After a two day outage, Zimbabwe's leading and most dominant (by market share) mobile money provider, EcoCash, is back up and running after bringing most of the Southern Afrikan country's economy to almost a standstill. On 3 July 2018, many EcoCash Zimbabwe customers took to social media to express frustration as they were unable to transact or send money via the mobile money service across Zimbabwe.

In the fourth quarter of 2017, EcoCash is reported to have passed the milestone of processing $23 billion worth of mobile money transactions since its CCYY launch and also has over 90% market share as far as Zimbabwe's mobile money sector is concerned.

![EcoCash Zimbabwe](/content/images/2018/07/direct.jpeg)
5 July 2018: Announcement by EcoCash that the mobile is now up and running.

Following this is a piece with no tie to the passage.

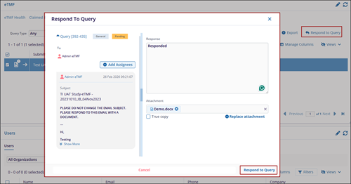 My Queries in the eTMF allows the users to view and manage queries related to the documents they are working on. Queries could be either sent (by the user to someone else) or received (from others to the user). This helps to track the status of queries and allows the user to take actions such as responding to or exporting query details.

"Dear Valued Customer, We apologise for service disruptions you may be experiencing in trying to transact on EcoCash. Our technical team is working to resolve the technical challenge and we will inform you as soon as normal service is restored. We regret any inconvenience caused."

Given EcoCash's dominance and the shortage of physical cash in Zimbabwe, the two day outage meant that simple day to day transactions such as pouring fuel or buying food were almost impossible to perform. With this outage, which EcoCash also blamed on "system maintenance" problems, the focus has fallen on how not only dominant EcoCash is in Zimbabwe but the importance of mobile money.

Punted as a solution for financial inclusion, mobile money solutions like EcoCash and M-Pesa in Kenya, capitalize on the formal banking sector's inability or unwillingness to provide services for the poor in Afrika. As a result, they have managed to find themselves millions of customers among the unbanked in Afrika given also how easily accessible they are.

They, however, have not been operating without criticism. Many analysts and some regulators have highlighted how mobile money services seem to be charging high per transaction fees than traditional banks.